*EXERCISE REQUIREMENTS*
Word for word, reproduce the records, keeping none of the pictures.

*INPUT RECORDS*
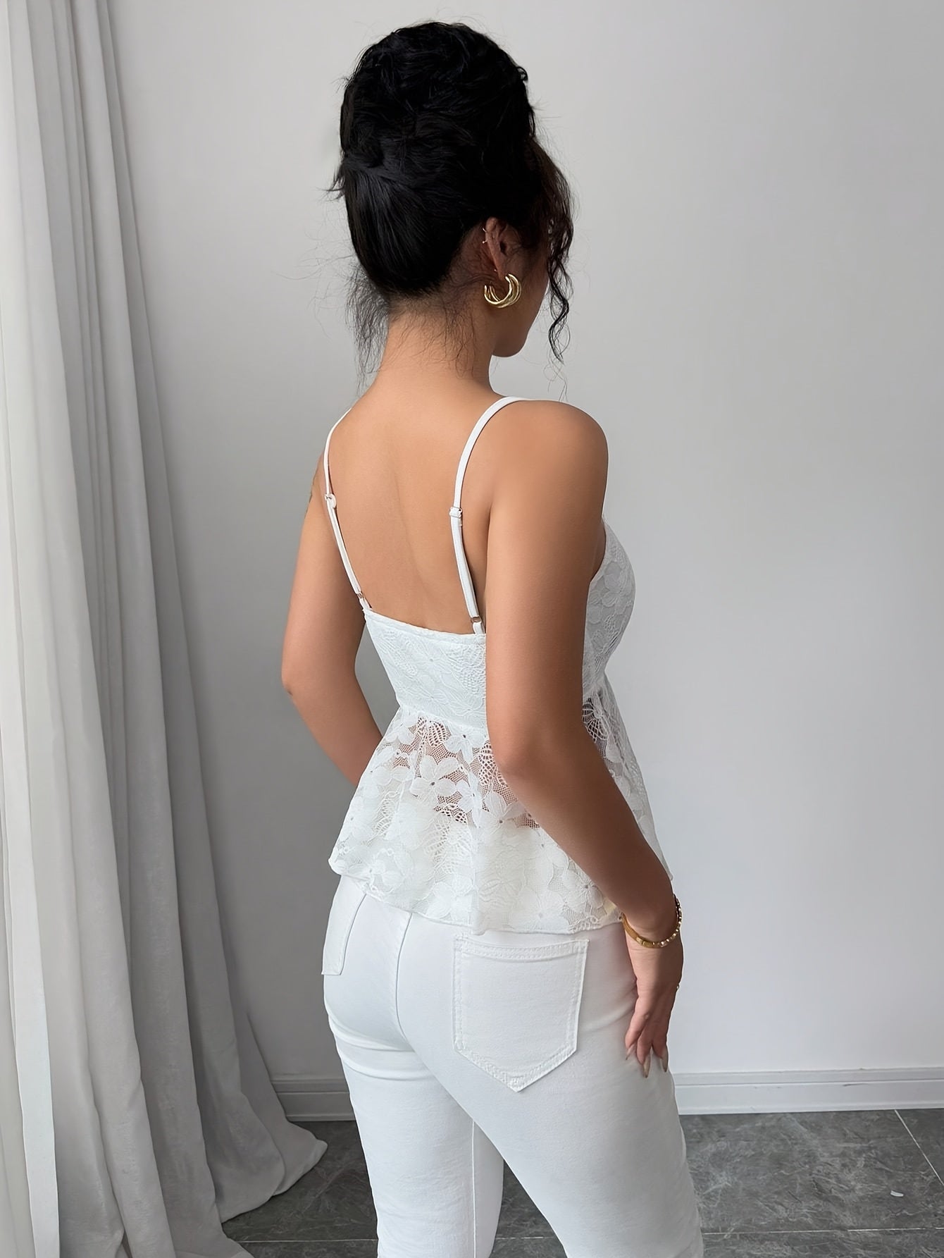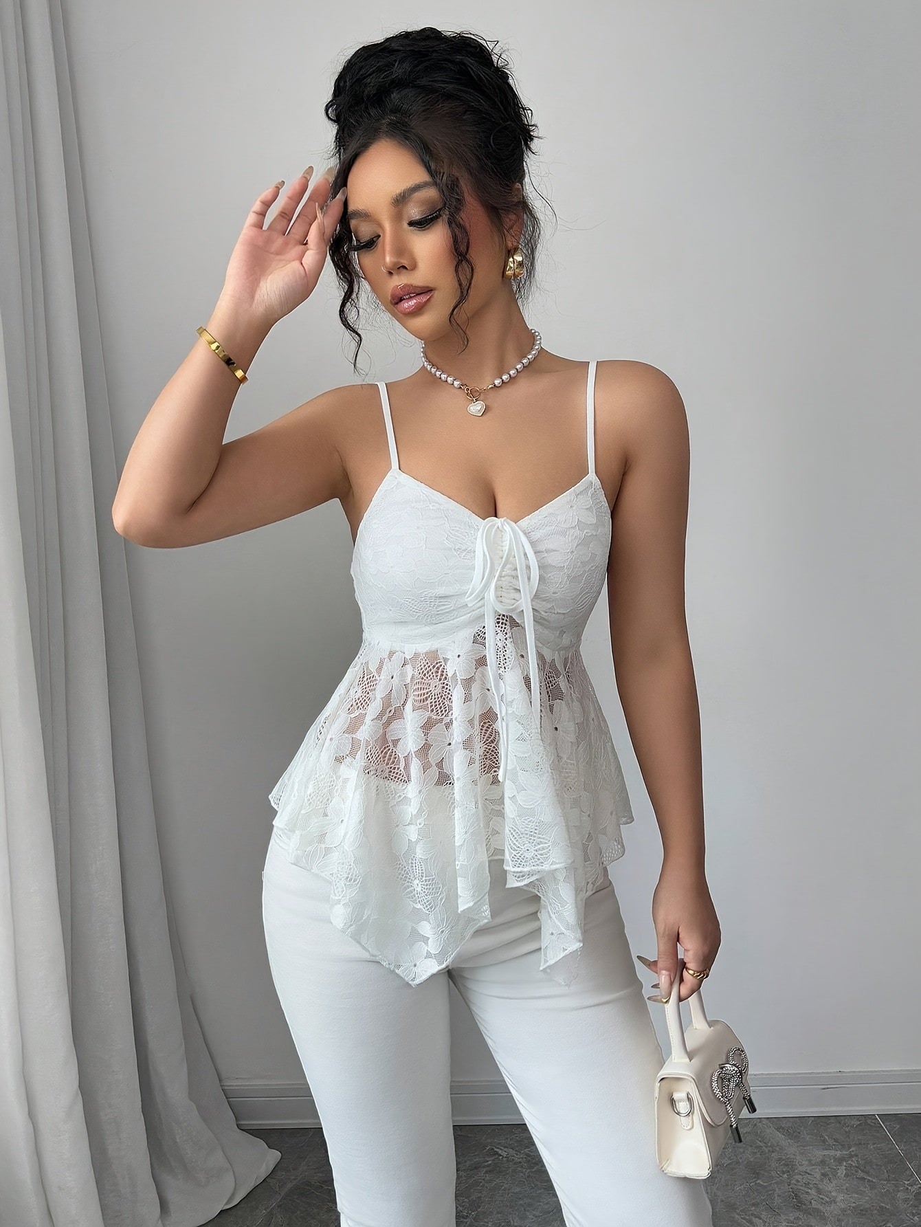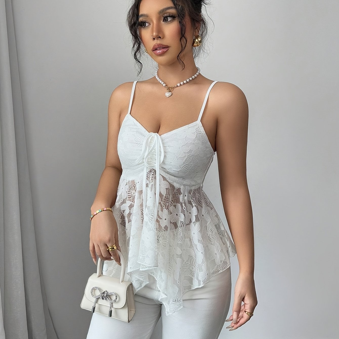 Haut élégant à bretelles fines et bordure en dentelle transparente pour femme - Chemisier léger
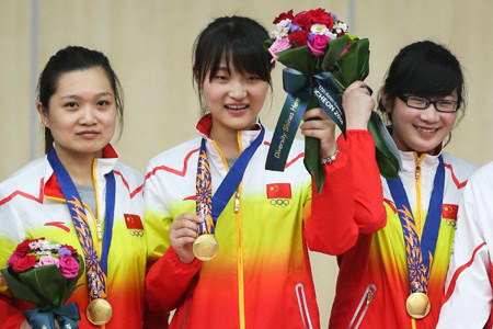 | 女子10メートルエアピストルでダブル金メダル。左から郭文◆、周慶媛、張夢(mèng)円の各選手。 |
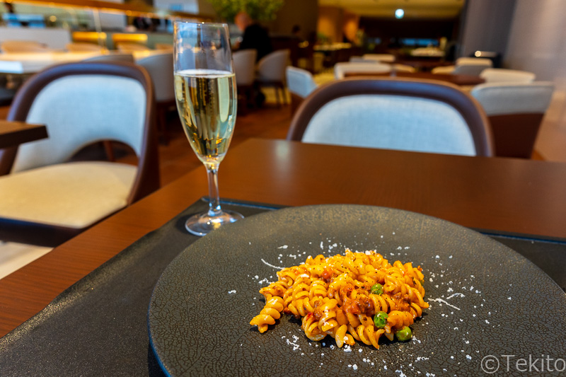 時間が早すぎるので、「鮨 鶴亭」はオープンしていません。そのため「JAL’s Table」から攻めます。パスタプレートをオーダー。
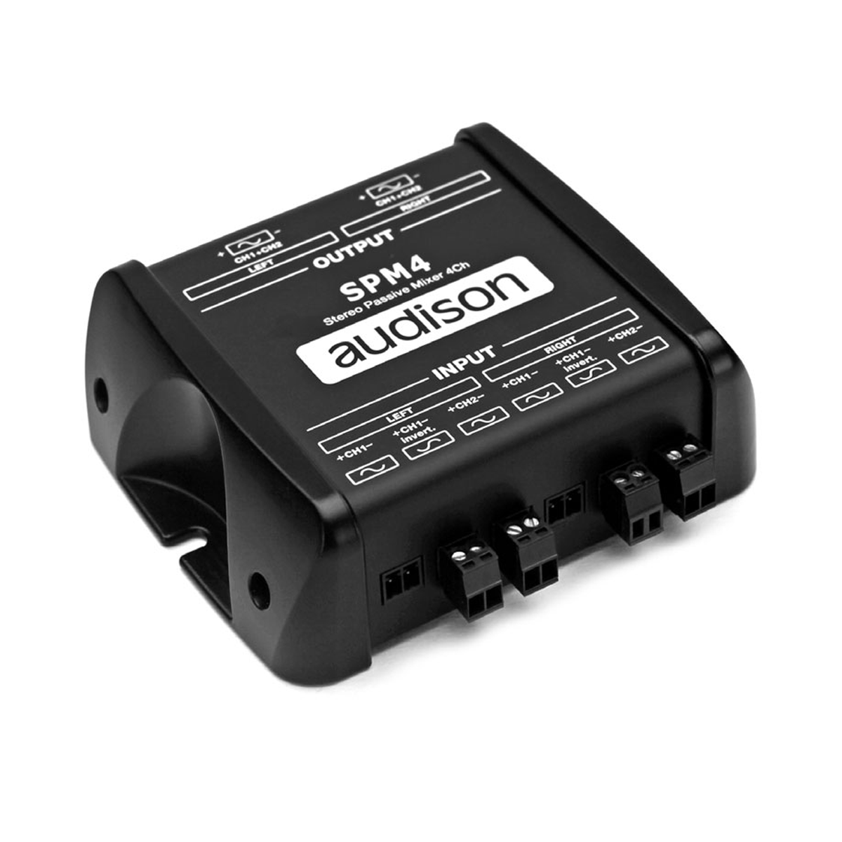 Stereo passive mixer (unpowered) featuring 4 input channels and 2 output channels, designed for active OEM multi-way systems where each speaker is powered by one specific amplified channel. SPM4 mixes audio through 4 audio transformers specifically developed to achieve very low distortion and highly linear acoustic response. SPM4 provides the ability to mix the midrange/woofer and tweeter channels coming from the amplifier and supply one single mid-high channel. The Ch1(L/R) channels feature two inputs, one features an inverting input compared to Ch2 (L/R) channels; the mixing process often gives better results when one of the two channels undergoes a 180° dephasing. SPM4 is especially recommended to extend the number of inputs of the Audison digital processors or amplifiers with built-in DSP because they feature a De-equalizer (De-Eq). In that case, any possible non-linear acoustic emissions due to the mixing of the pre-existing filtered channels are duly compensated.
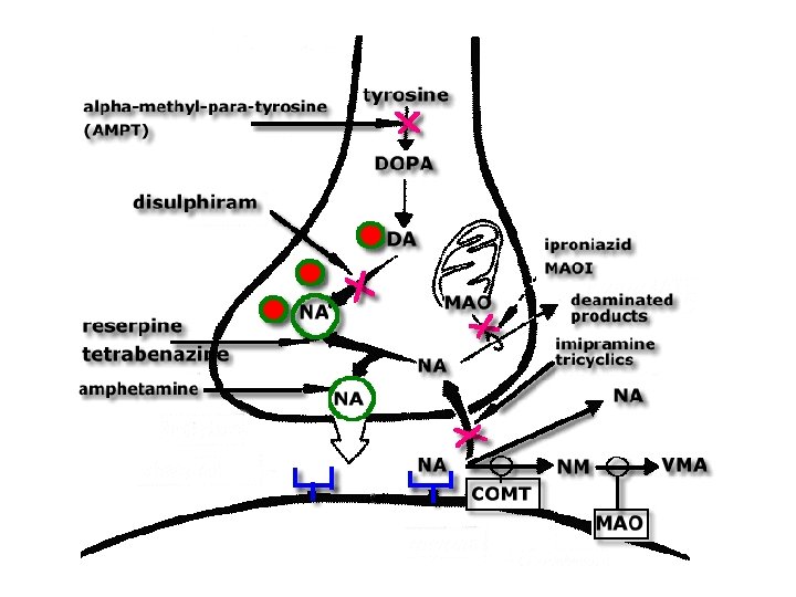 • MAO – – – In outer mitoch membr Substr’s also serotonin, histamine Oxidizes amino grp aldehydes Further ox’d by nonspecific aldehyde de. Hase Ultimate prod dihydroxymandelic acid (DOMA) • COMT – extraneuronal degradation – Uses SAM as methyl donor – Impt to circ’g catecholamines • Get final conjugation – Sulfate, glucuronate in liver, gut – Excr’n through urine

*EXERCISE SOLUTION*
 Haut élégant à bretelles fines et bordure en dentelle transparente pour femme - Chemisier léger
 | 女子10メートルエアピストルでダブル金メダル。左から郭文◆、周慶媛、張夢(mèng)円の各選手。 |
 時間が早すぎるので、「鮨 鶴亭」はオープンしていません。そのため「JAL’s Table」から攻めます。パスタプレートをオーダー。
 Stereo passive mixer (unpowered) featuring 4 input channels and 2 output channels, designed for active OEM multi-way systems where each speaker is powered by one specific amplified channel. SPM4 mixes audio through 4 audio transformers specifically developed to achieve very low distortion and highly linear acoustic response. SPM4 provides the ability to mix the midrange/woofer and tweeter channels coming from the amplifier and supply one single mid-high channel. The Ch1(L/R) channels feature two inputs, one features an inverting input compared to Ch2 (L/R) channels; the mixing process often gives better results when one of the two channels undergoes a 180° dephasing. SPM4 is especially recommended to extend the number of inputs of the Audison digital processors or amplifiers with built-in DSP because they feature a De-equalizer (De-Eq). In that case, any possible non-linear acoustic emissions due to the mixing of the pre-existing filtered channels are duly compensated.
 • MAO – – – In outer mitoch membr Substr’s also serotonin, histamine Oxidizes amino grp aldehydes Further ox’d by nonspecific aldehyde de. Hase Ultimate prod dihydroxymandelic acid (DOMA) • COMT – extraneuronal degradation – Uses SAM as methyl donor – Impt to circ’g catecholamines • Get final conjugation – Sulfate, glucuronate in liver, gut – Excr’n through urine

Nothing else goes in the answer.